I didn't use Bernoulli's scheme, I compared it with a pseudo-random sequence obtained from the built-in Random function in MathCad. You can blame the function, but I'm sure there is no correlation between it and the time series of quotes. Let's be more specific, since you don't need the help of an oculist, show me where the differences are. Since you are so confident, why not back it up with explicit evidence.
 
getch:
I didn't use Bernoulli's scheme, I compared it with a pseudo-random sequence obtained from the built-in Random function in MathCad. You can blame the function, but I'm sure there is no correlation between it and the time series of quotes. Let's be more specific, since you don't need the help of an oculist, show me where the differences are. Since you are so confident, why not back it up with explicit evidence.
If the correlation coefficient between some time function and any other time function is close to 0, then they are independent of each other. But this is not to say that the lack of correlation with a random process can be an indication of the randomness of the second function. It would be surprising if a random process correlated with some other random or non-random process.

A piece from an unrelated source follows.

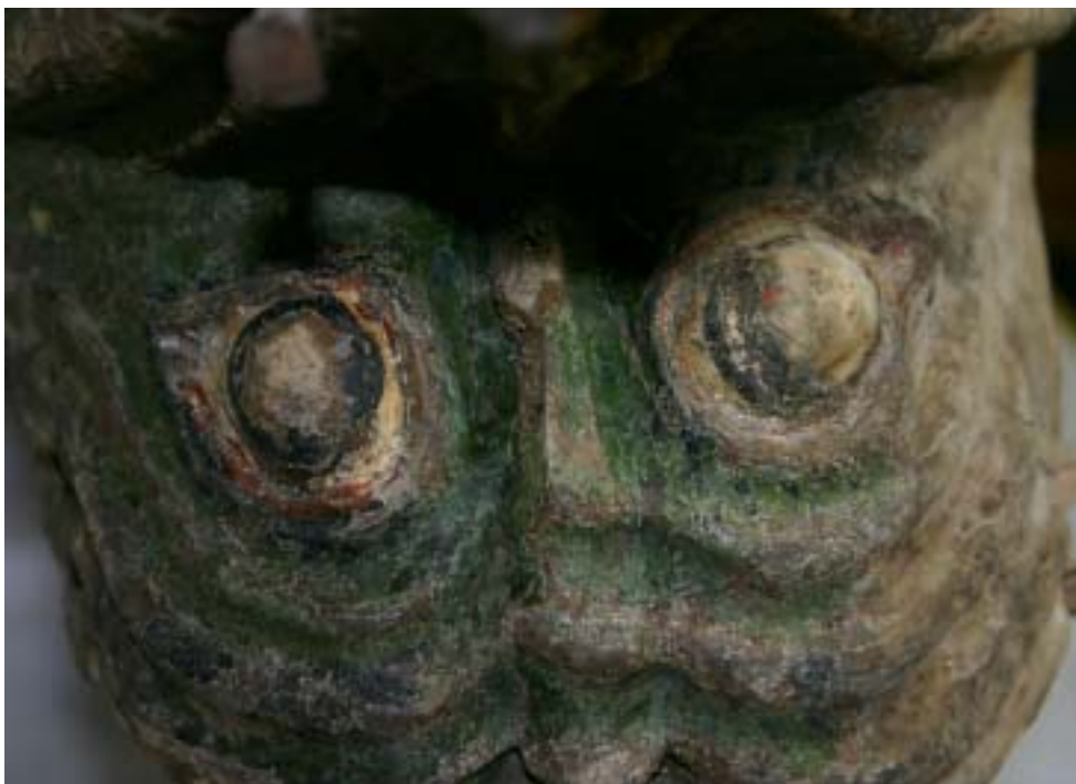
Kuva 2. T:mi Taidekonservaattori Jaana Pauluksen konservoima lohikäärme-puuveistos, konservoinnin jälkeen..

You'd better read a maths book at your leisure. Maybe you'd find some familiar letters there. You're banging on your chest, like you've been researching quotes for randomness. I thought that you must have really examined the probability distributions in quotes, calculated all sorts of dispersions and derivative functions, defended several dissertations and published several scientific works. But as a result it turns out that getch is an ordinary amateur, who has signed up for his own incompetence, or, to put it simply, lameness.
 
I don't know what you have more of, an inferiority complex or a superiority complex. But the frequent manifestations of that in you do not move me anyway. I can't disrespect my interlocutor, such notions. Now about casualness. The first thing each person familiar with mathematics does with quotes is apply probability theory to them. It was done by many people. The results are silent. Suffice it to say that these results are practically not used in writing automated systems (the statement is unfounded, of course). Now imagine that the quotes became random for some time, will the systems written by many people produce a different result? My unsubstantiated opinion is that they will produce the same result. To check this, take any Expert Advisor and run it through any pseudo-random sequence. And then compare. All this, of course, says nothing. Did I ask you to show the non-randomness of the time series of quotes, or do you just not want to waste time on such "nonsense"?